* **Exercise prompt**: Repeat exactly the lines of the records below, starting at the line containing "2017年11月23日开始予" and ending at the line containing "2014年11月2日,由重庆". Leave the pictures out.

* **Dataset extract**:
########################################

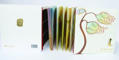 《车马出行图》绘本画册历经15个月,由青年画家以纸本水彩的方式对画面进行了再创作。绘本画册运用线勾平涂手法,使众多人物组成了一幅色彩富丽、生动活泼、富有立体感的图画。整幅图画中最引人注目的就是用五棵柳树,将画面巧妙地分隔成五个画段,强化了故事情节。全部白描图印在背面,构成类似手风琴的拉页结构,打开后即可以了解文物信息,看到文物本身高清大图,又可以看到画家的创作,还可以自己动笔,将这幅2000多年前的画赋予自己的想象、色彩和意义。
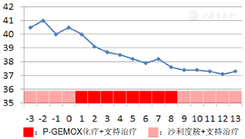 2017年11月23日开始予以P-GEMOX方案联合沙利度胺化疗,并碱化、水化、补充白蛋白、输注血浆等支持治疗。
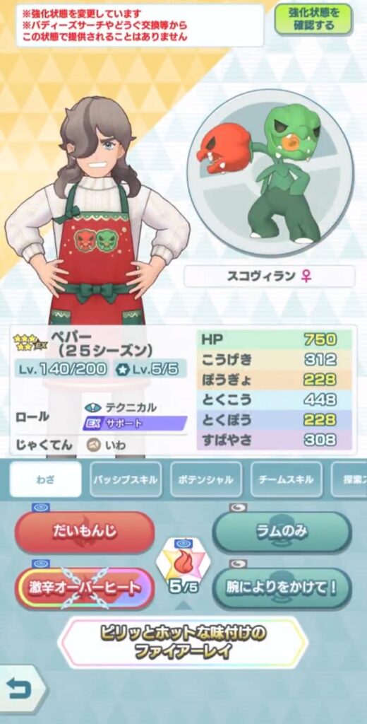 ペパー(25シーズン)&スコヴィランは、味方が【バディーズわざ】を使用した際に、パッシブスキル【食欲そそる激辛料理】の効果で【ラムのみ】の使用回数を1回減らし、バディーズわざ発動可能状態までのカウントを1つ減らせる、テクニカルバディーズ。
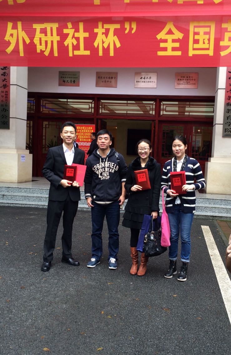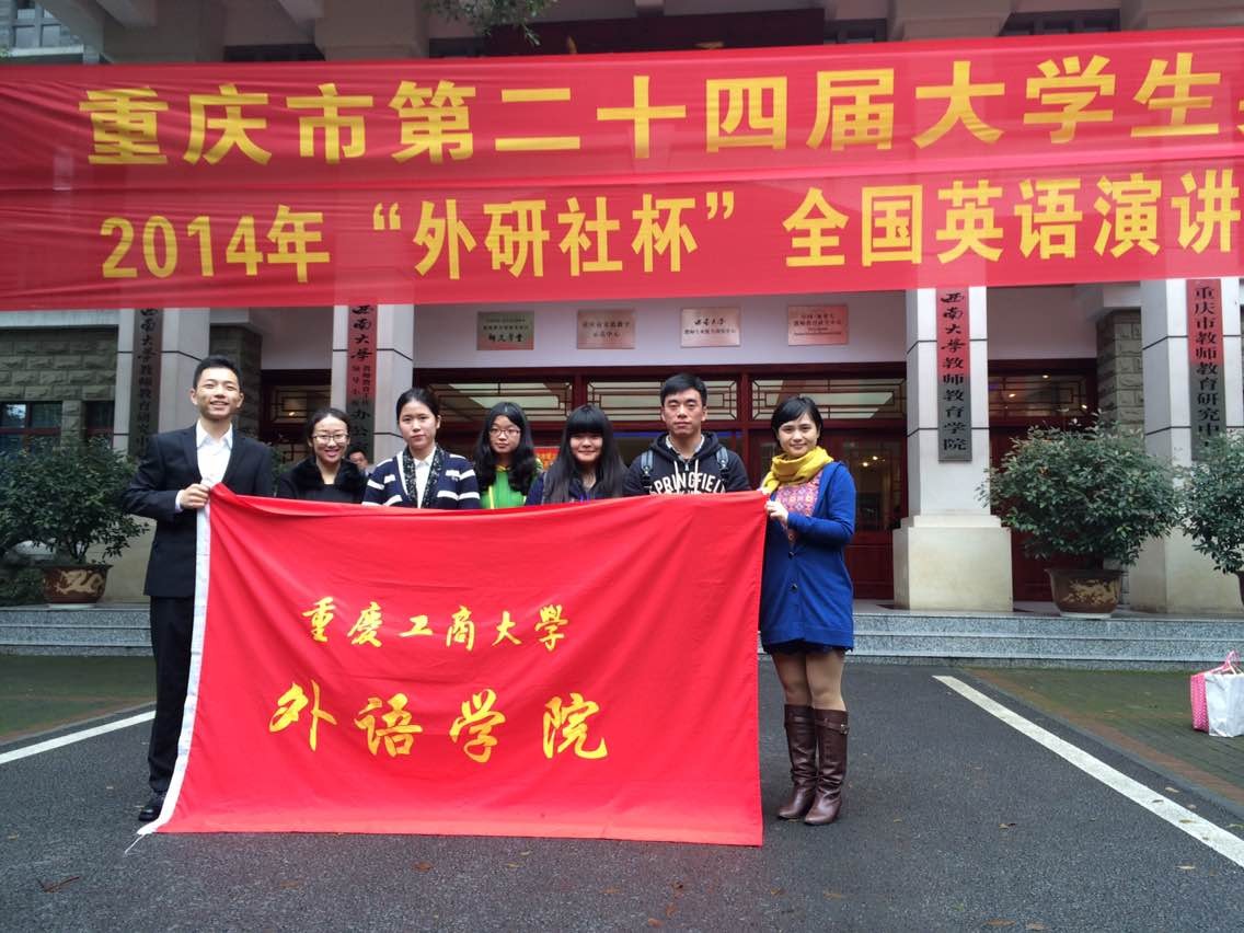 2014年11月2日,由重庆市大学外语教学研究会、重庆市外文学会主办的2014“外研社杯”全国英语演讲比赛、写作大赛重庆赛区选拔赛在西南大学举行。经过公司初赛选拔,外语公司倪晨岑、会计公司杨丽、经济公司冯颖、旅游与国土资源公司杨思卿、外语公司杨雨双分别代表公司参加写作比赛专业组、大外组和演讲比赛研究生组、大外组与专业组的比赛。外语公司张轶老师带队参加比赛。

########################################

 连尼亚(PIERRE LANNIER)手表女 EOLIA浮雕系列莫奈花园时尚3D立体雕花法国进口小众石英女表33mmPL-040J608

########################################

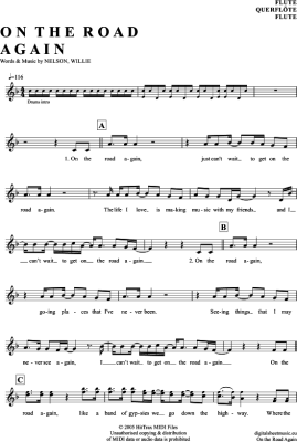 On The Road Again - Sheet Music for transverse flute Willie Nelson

########################################

* **Exercise output**:
 2017年11月23日开始予以P-GEMOX方案联合沙利度胺化疗,并碱化、水化、补充白蛋白、输注血浆等支持治疗。
 ペパー(25シーズン)&スコヴィランは、味方が【バディーズわざ】を使用した際に、パッシブスキル【食欲そそる激辛料理】の効果で【ラムのみ】の使用回数を1回減らし、バディーズわざ発動可能状態までのカウントを1つ減らせる、テクニカルバディーズ。
 2014年11月2日,由重庆市大学外语教学研究会、重庆市外文学会主办的2014“外研社杯”全国英语演讲比赛、写作大赛重庆赛区选拔赛在西南大学举行。经过公司初赛选拔,外语公司倪晨岑、会计公司杨丽、经济公司冯颖、旅游与国土资源公司杨思卿、外语公司杨雨双分别代表公司参加写作比赛专业组、大外组和演讲比赛研究生组、大外组与专业组的比赛。外语公司张轶老师带队参加比赛。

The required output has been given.